Inside the Chief’s office, Sam looked out the window onto the Place de la Concorde as Shipley dialed. Procter’s distinctive voice answered. “Peter? He with you?” Shipley and Procter knew each other from Afghani
stan.
“He is indeed, Artemis. Fresh off a plane and looking like it.” Shipley motioned for Sam to sit at the table and handed him a single piece of paper. It was a printed ops cable from the NSA to Damascus Station containing the phone number.
“It’s just before lunch here in Damascus, so we’ll try to catch him now,” Procter said. “I’ve got one of the Station’s comms officers to monkey around with the call’s origin. If Hassan’s got caller ID it will look like another Palace number is calling. We’ll use some of those freaky robots so my voice sounds like a dude. Sam, you jump in if I screw up the Arabic. We’ll all sound the same, right, Stapp?
“Yes, Chief,” said Stapp, the comms officer. “We’ve essentially set this up as a conference call, but any speaking from our side will go out through a modulator. It will sound like a low male voice.”
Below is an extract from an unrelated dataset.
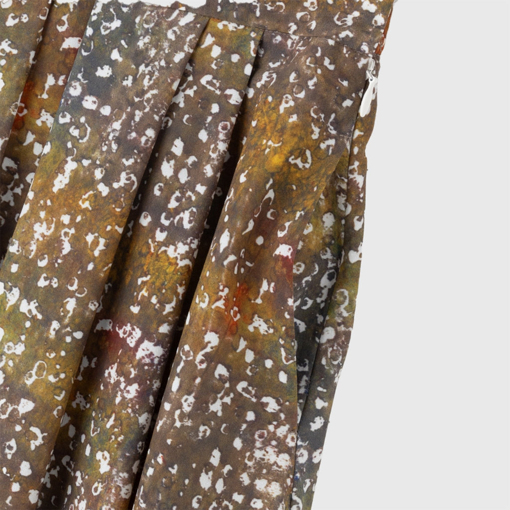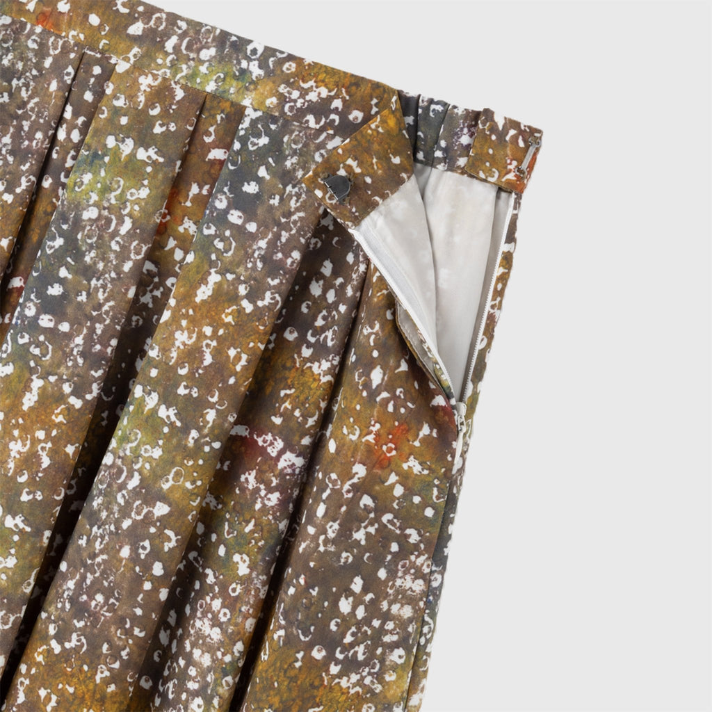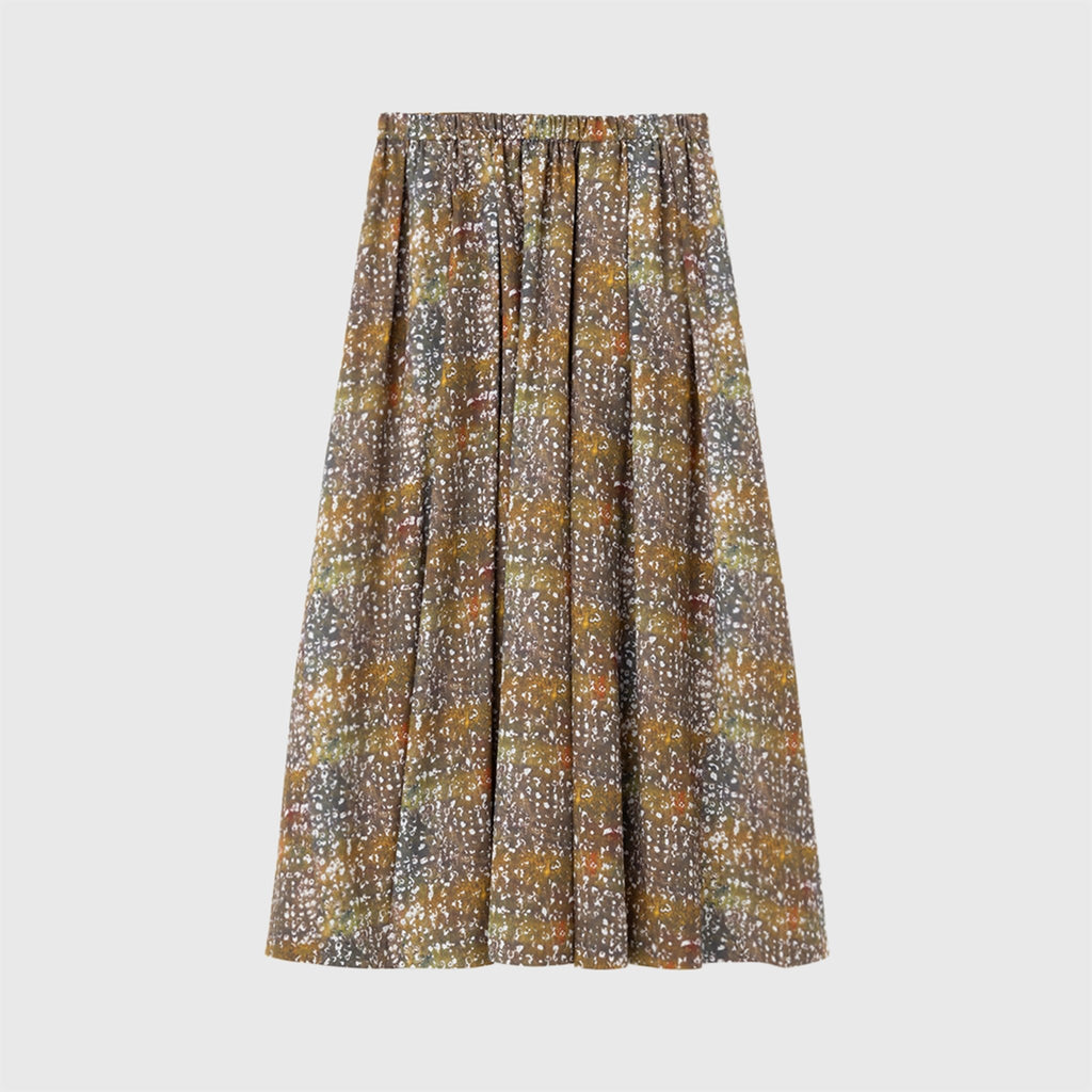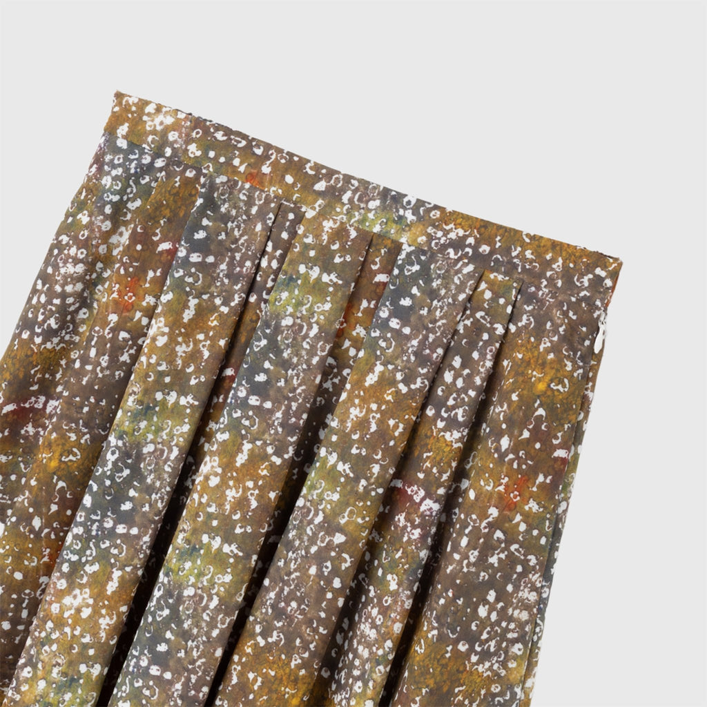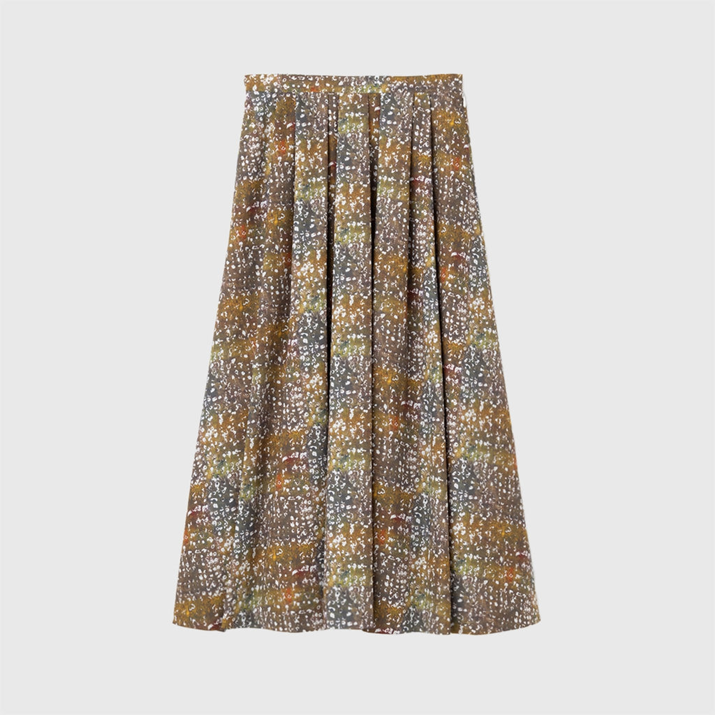 ご好評いただいたフレアスカートが、ハリ感のある生地にアップデートして登場。ランダムタックで軽やかに広がるアートのようなシルエットはそのままに、ウエストゴムで履き心地の良さにもこだわりました。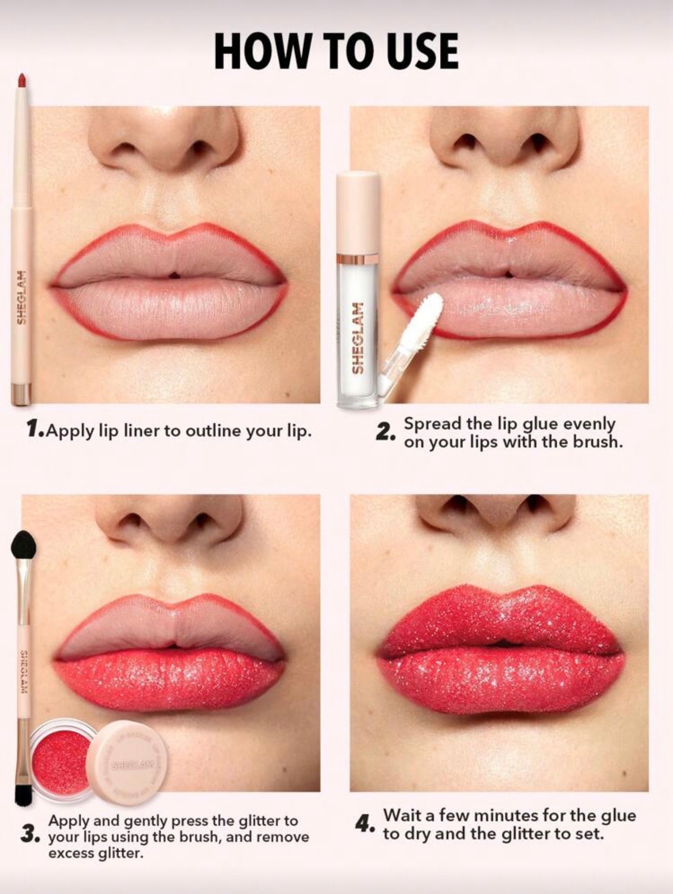 Including a lip adhesive, brush, glitter, and liner, our kit makes it ultra-fast and simple to get a red carpet-worthy look.

“Draft script is attached to the cable,” Procter said.
“Artemis, there is no attachment on this cable,” Shipley said. “What script are you talking about?”
The phone had started ringing. Procter fell silent and did not answer.
The phone rang five times. “General Ali Hassan,” said a voice in Arabic.
“Listen up, General,” Procter said in the same language. “You get one warning.”
A MAN COULD NOT SUCCEED inside the Syrian regime without paranoia. Even the most well-adjusted, seemingly relaxed bureaucrats had it. That gnawing fear that a rival would supplant them. That a knock would come in the night. That their wives and children would be threatened. Ali did not consider himself overly paranoid for recording most of his conversations on the office phone. It was a matter of prudence and self-protection, even though he knew that Air Force intelligence had the phone monitored, a fact he had discovered, ironically, because his own organization had bugged several of their lines. A half second into the phone conversation, as soon as he’d heard that low robotic voice, Ali had turned on the recorder.